И вмиг она ощутила в сердце робкое, недоверчивое тепло (она ничуть не сомневалась, что ее сердце способно чувствовать). Она прекрасно знала, стоит ей «размякнуть», как выражается Дэвид, и пощады от него не жди. И все-таки не выдержала. Наклонилась к нему через столик, сказала:
– Милый ты мой! Давай постараемся быть счастливыми. Мы же первый раз путешествуем вдвоем, давай не будем все портить – и тогда будет так славно. Я постараюсь, правда же, Дэвид, лапочка, даю слово… давай оба постараемся. Ты же знаешь, я тебя люблю.
– Надеюсь, – с коварнейшей мягкостью отозвался Дэвид.
Неведомо почему, она готова была заплакать, но сдержалась: ведь для Дэвида ее слезы – просто еще одна чисто женская хитрость, которую при случае пускают в ход. А он с чуть заметной улыбочкой следил – заплачет или не заплачет? Она никогда еще не устраивала сцен на людях. Но она улыбнулась ему, подняла бокал вина и потянулась к нему чокнуться.

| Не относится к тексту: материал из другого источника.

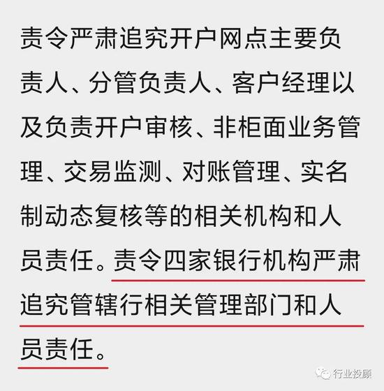 暂停4家银行网点3个月的新开立单位银行账户业务,暂停18家银行网点1个月的新开立单位银行账户业务。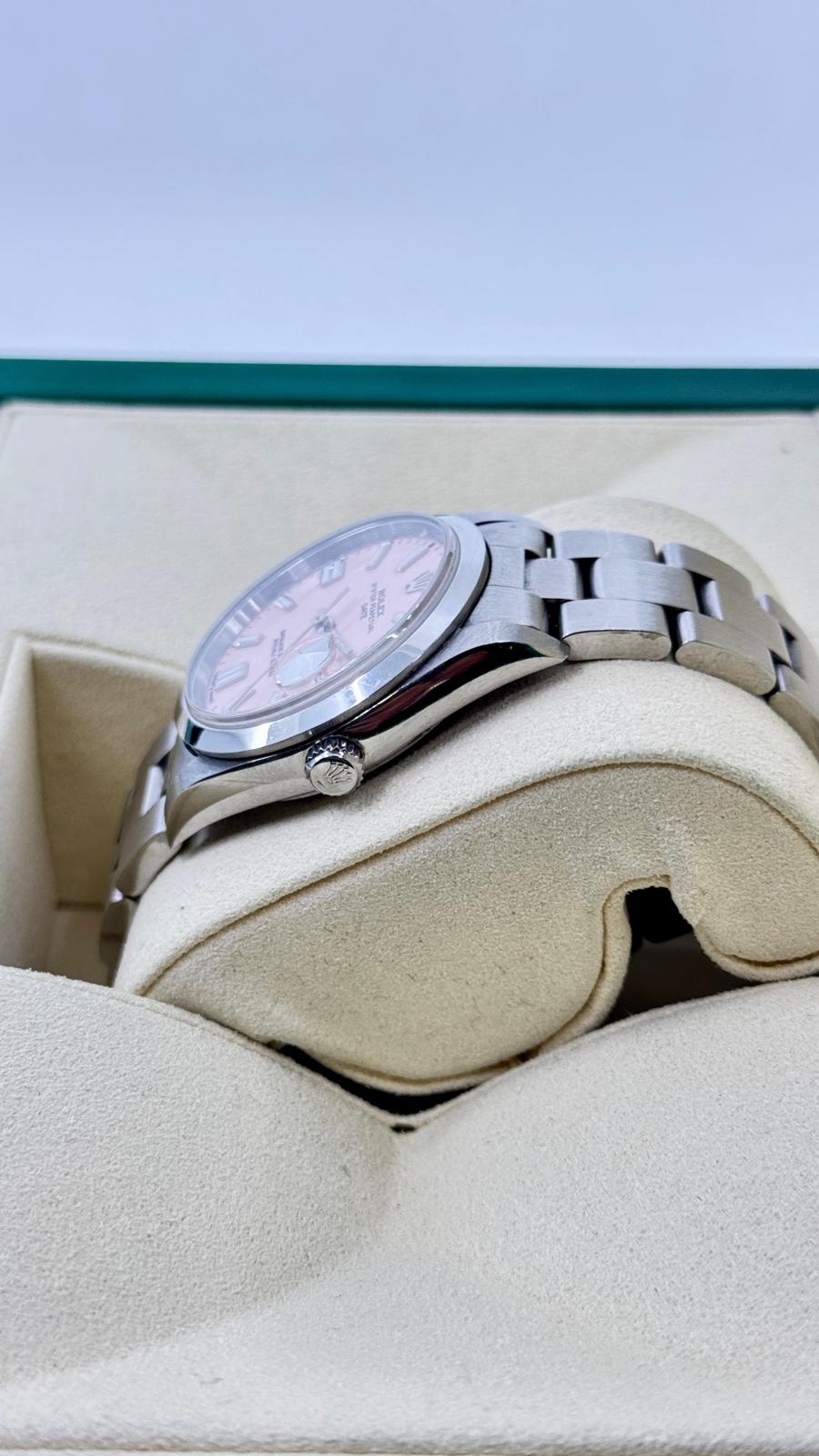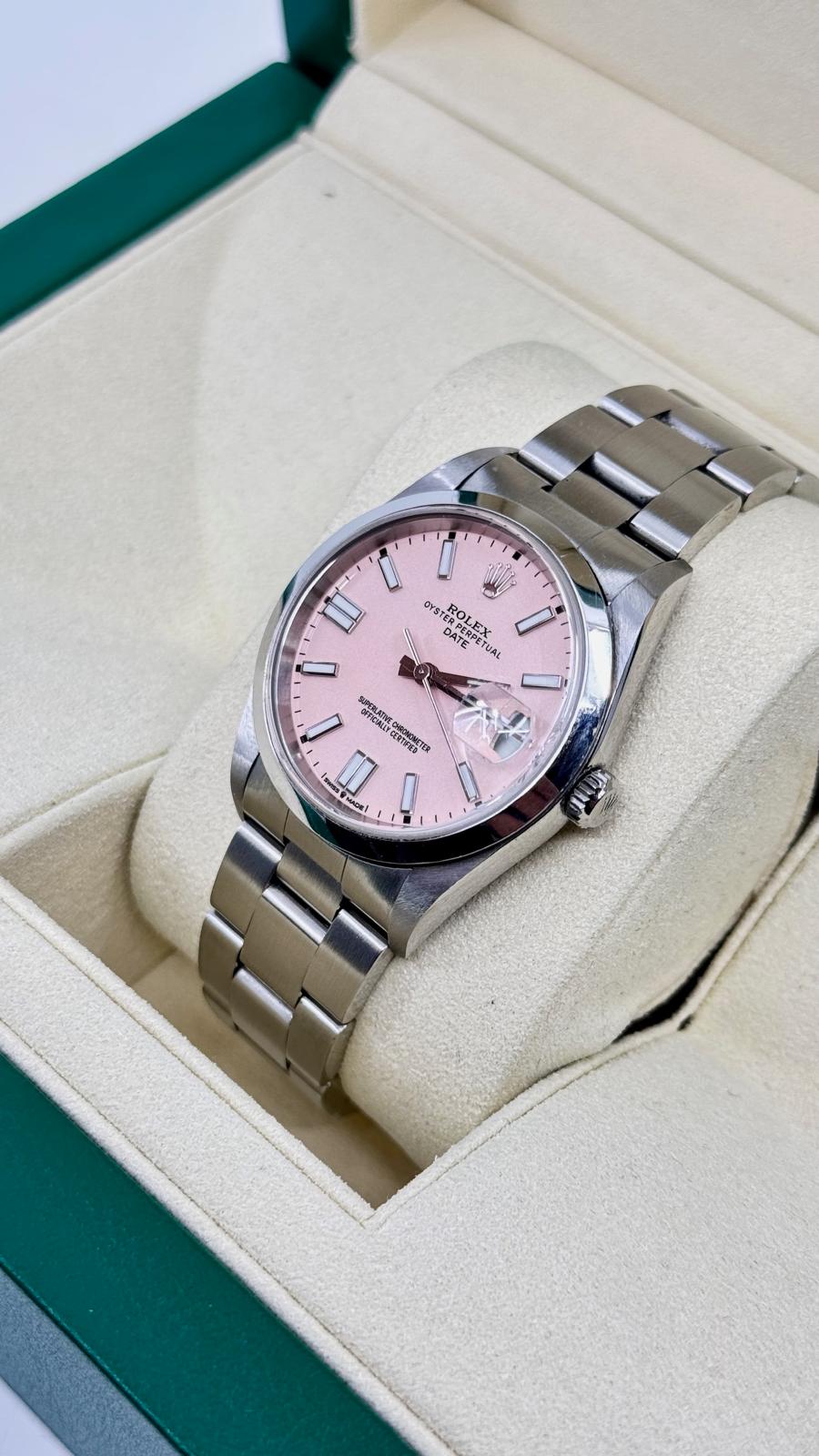 Marca Rolex Modello oyster perpetual date Ref 15200 Anno 1999 Condizione usato Misura 34 Vetro zaffiro Cassa no fori Quadrante aftermarket rosa e bianco originale Cinturino oyster Corredo Garanzia Rolex, no box la scatola utilizzata solo per fotografie non in vendita

– Salud[8 - Салют, привет; при тосте – ваше здоровье! (исп.)], – сказала она.
– Salud, – сказал Дэвид.
И они выпили до дна.
Обоим было совестно, что каждый пробуждает в другом все самое плохое; когда они только полюбили друг друга, каждый надеялся остаться для другого идеалом: они были отчаянные романтики – и из боязни выдать свое сокровенное, обнаружить и узнать в другом что-то дурное становились бесчестными и жестокими. В минуты перемирия оба верили, что их любовь чиста и великодушна, как им того хочется, и надо только быть… какими же нам надо быть? – втайне спрашивал себя каждый – и не находил ответа. Лишь в такие вот короткие минуты, как сейчас, когда они выпили за примирение, злая сила отпускала их, и можно было легко, спокойно вздохнуть, и они давали себе и друг другу туманные клятвы хранить верность… чему? Верность своей любви… и постараться… Но Дэвид, уж во всяком случае, понимал, что в его стараниях быть счастливым кроется, пожалуй, половина беды, причина наполовину в этом. А вторая половина?..
– Итак, за счастье, – сказал он и снова чокнулся с Дженни.

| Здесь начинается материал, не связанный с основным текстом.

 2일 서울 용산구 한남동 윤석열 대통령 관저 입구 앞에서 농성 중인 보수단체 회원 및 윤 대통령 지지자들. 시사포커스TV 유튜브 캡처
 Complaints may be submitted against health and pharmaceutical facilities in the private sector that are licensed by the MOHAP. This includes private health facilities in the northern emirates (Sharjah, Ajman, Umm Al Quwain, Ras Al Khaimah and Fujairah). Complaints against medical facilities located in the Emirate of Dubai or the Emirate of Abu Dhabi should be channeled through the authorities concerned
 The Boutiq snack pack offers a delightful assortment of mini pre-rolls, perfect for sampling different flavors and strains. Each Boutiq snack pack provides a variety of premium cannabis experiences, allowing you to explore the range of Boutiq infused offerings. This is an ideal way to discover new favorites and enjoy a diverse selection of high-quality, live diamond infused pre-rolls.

Было еще совсем светло, но августовское солнце уже клонилось к далекому горизонту, отбрасывая на воду огненную полосу, и она тянулась за кораблем, словно масляный след. Дамочки особой профессии вышли на палубу в одинаковых вечерних нарядах: платье черного шелка чуть не до пояса открывает ослепительную гладкую спину, сверкают яркими пряжками открытые туфельки. Неспешно разгуливая по палубе, они повстречались с двумя священниками, те тоже неспешно прогуливались, – недобрые губы сжаты, точно челюсти капкана, неумолимый взгляд не отрывается от молитвенника. Дамочки почтительно склонили головы, святые отцы не удостоили их ответом, а быть может, и вправду их не заметили. Уильям Дэнни прошел круг за дамочками следом, для безопасности немного поотстав, порой он приостанавливался, словно бы что-то его заинтересовало за бортом, и судорожно глотал – чуть заметно вздрагивал кадык. Новобрачные полулежали в шезлонгах и молча любовались закатом – руки сплетены, загадочно затуманенные взоры устремлены вдаль.

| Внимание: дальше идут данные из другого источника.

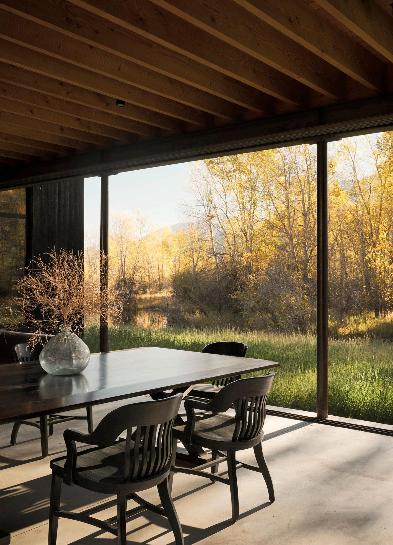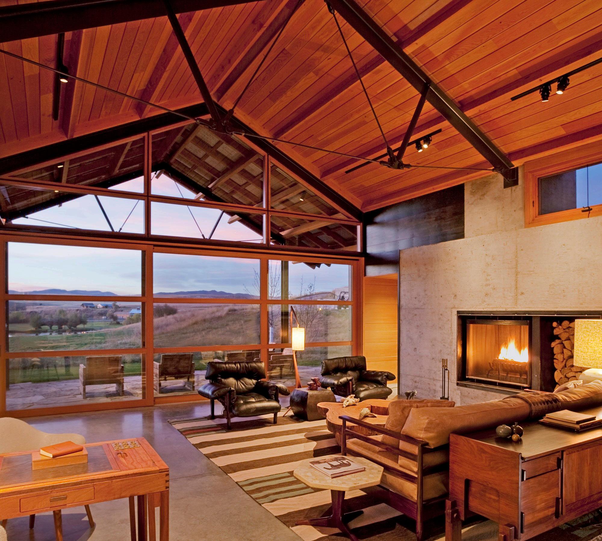 The LC Ranch was designed in response to Montana’s dramatic landscapes and climatic realities so its owners could enjoy its surrounding countryside regardless of the season. The house sits in the transition between rolling hills of native short grasses and the riparian valley of the Gallatin River. One of the spring-fed creeks that feed this river flows parallel to the house and can be seen from every room.

Няня-индианка вынесла младенца и тихо вложила в неловкие, неуверенные руки молодой матери. Фрау Риттерсдорф приостановилась возле них с непринужденностью женщины, которая хоть и не обзавелась собственными детьми и не устает благодарить за это судьбу, но невольно ценит возвышенные страдания материнства, коими наслаждаются другие. Сочувственно, понимающе улыбнулась матери, тихонько опустилась на колени и мгновение любовалась божественным чудом жизни, восхищаясь пушистыми бровками, нежным ротиком, нежнейшим – на зависть – бело-розовым личиком; мать отвечала вежливой, натянутой улыбкой: сын уже и так избалован, думала она, хоть бы посторонние оставили его в покое; просыпается по ночам и кричит, и тянет из нее все соки, такое свинство, а она измучена до смерти, чуть не плачет и ей хочется одного – спать.